=== TASK PROMPT ===
Produce a verbatim transcription of the entries, with all pictures omitted.

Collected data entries
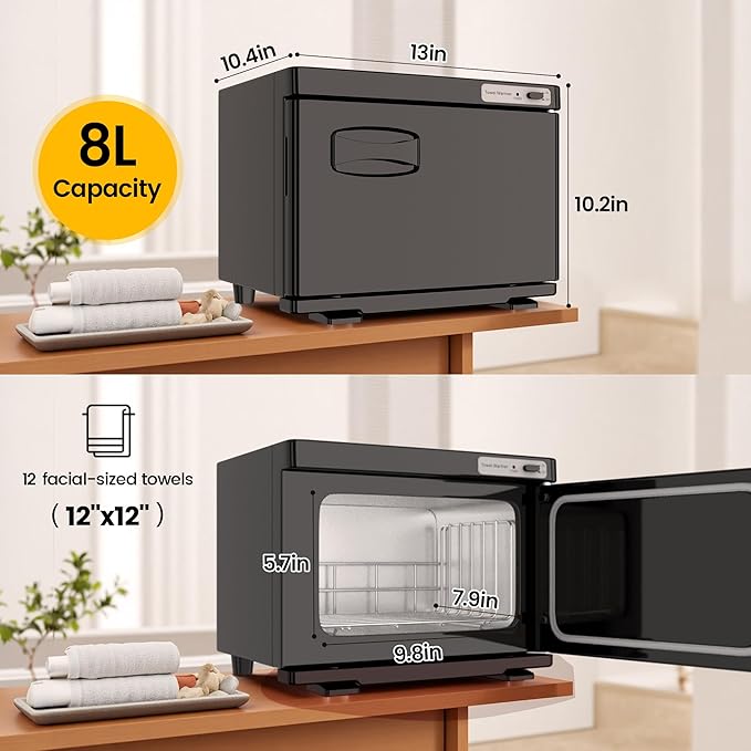 - 8L Capacity: The compact yet efficient hand towel warmer ensures quick heating. It holds 10 normal towels(27*14in) or 12-14 facial-sized towels(12*12in)
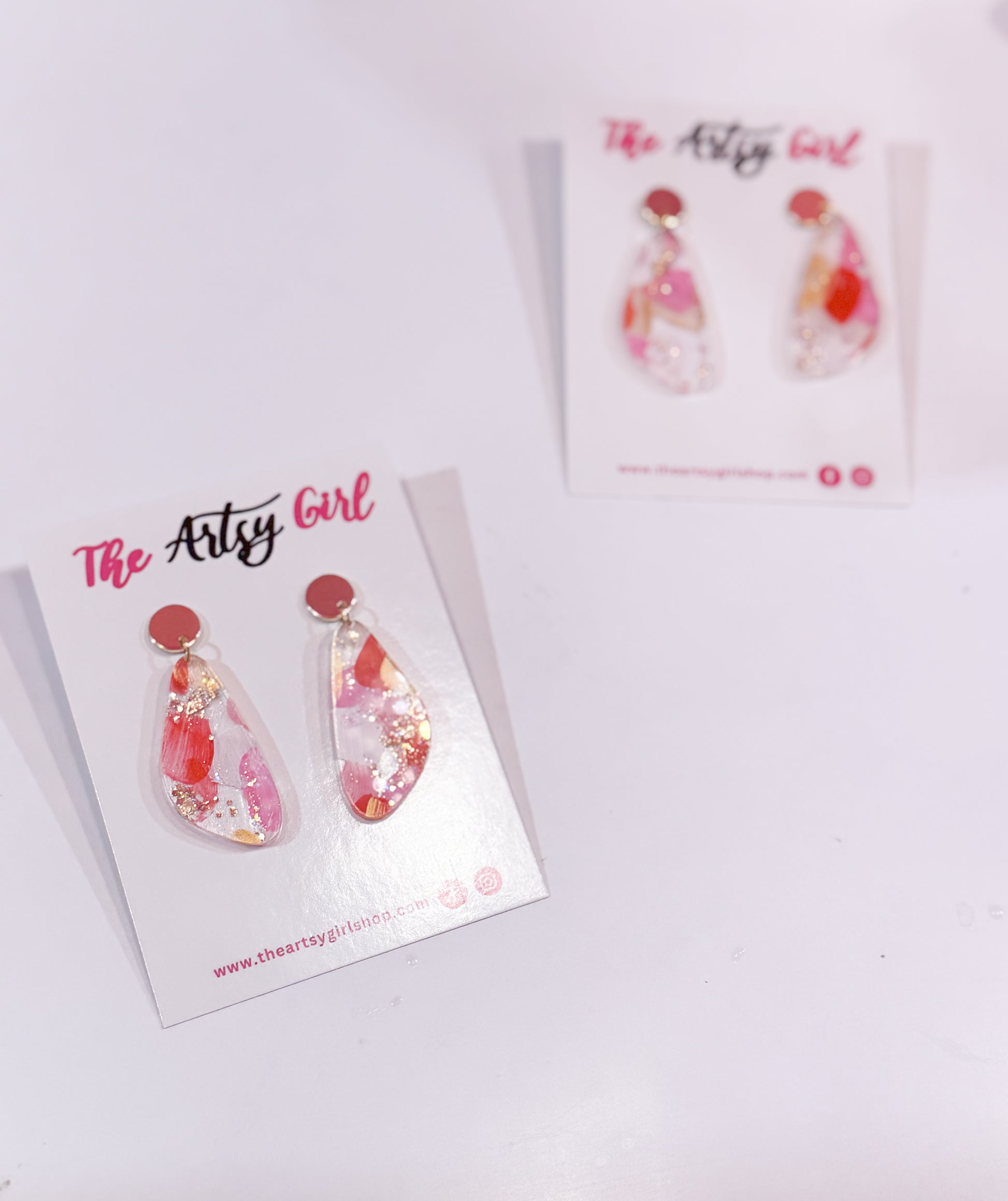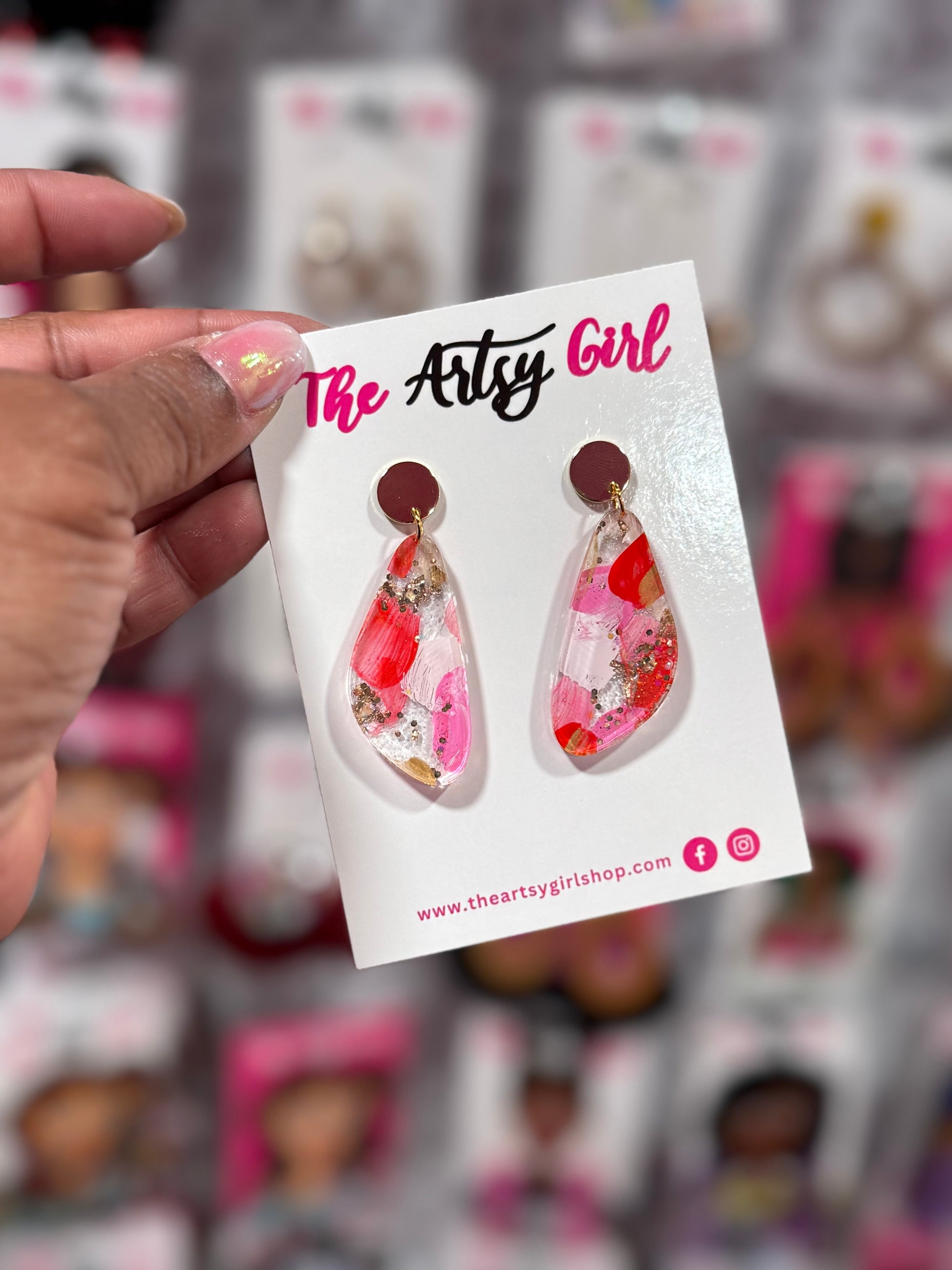 Add a touch of sparkle to your outfit with The Evie - Gold Sparks earrings. Hand painted with a variety of gold tones and a hint of glitter, these earrings are sure to make a statement. Elevate your style with these unique and playful accessories! (Sparkles included, of course).
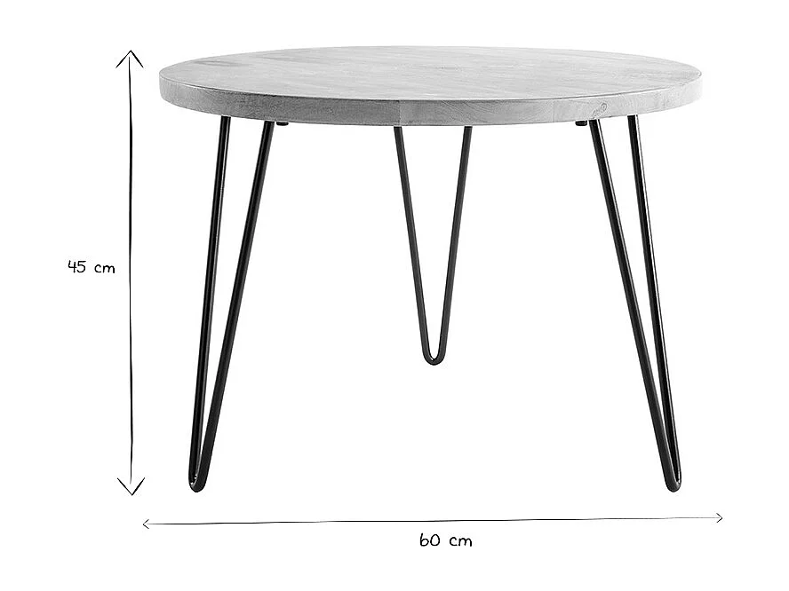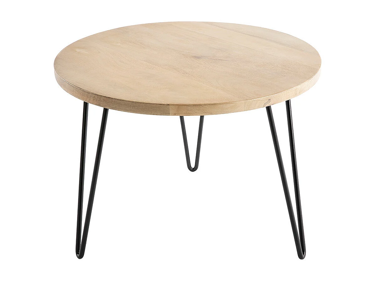 Tavolino basso rotondo in mango piedi metallo VIBES
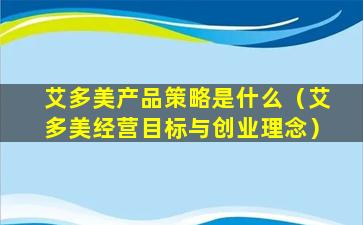 艾多美产品策略是什么(艾多美经营目标与创业理念)
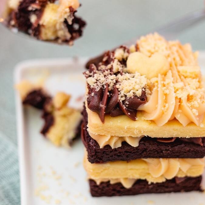 A mais pedida e mais amada da confeitaria. Camadas intercaladas da nossa queridinha torta búlgara, sequilho amanteigado e recheio. Diferente de tudo que você já provou.
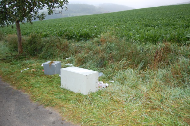 Bisher noch nicht aufgefunden ist ein 20 x 20 cm großer Schranktresor, den die Täter aus einem Behältnis herausgebrochen hatten.
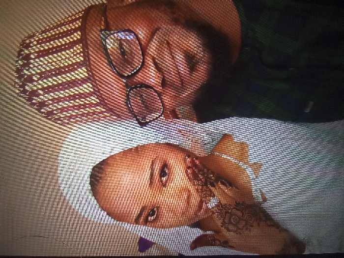 Two people are displayed. One wears a patterned cap and eyeglasses. The other has a henna tattoo on her hand and a white top. The background appears to be a white sheet.

=== RESULT ===
 - 8L Capacity: The compact yet efficient hand towel warmer ensures quick heating. It holds 10 normal towels(27*14in) or 12-14 facial-sized towels(12*12in)
 Add a touch of sparkle to your outfit with The Evie - Gold Sparks earrings. Hand painted with a variety of gold tones and a hint of glitter, these earrings are sure to make a statement. Elevate your style with these unique and playful accessories! (Sparkles included, of course).
 Tavolino basso rotondo in mango piedi metallo VIBES
 艾多美产品策略是什么(艾多美经营目标与创业理念)
 A mais pedida e mais amada da confeitaria. Camadas intercaladas da nossa queridinha torta búlgara, sequilho amanteigado e recheio. Diferente de tudo que você já provou.
 Bisher noch nicht aufgefunden ist ein 20 x 20 cm großer Schranktresor, den die Täter aus einem Behältnis herausgebrochen hatten.
 Two people are displayed. One wears a patterned cap and eyeglasses. The other has a henna tattoo on her hand and a white top. The background appears to be a white sheet.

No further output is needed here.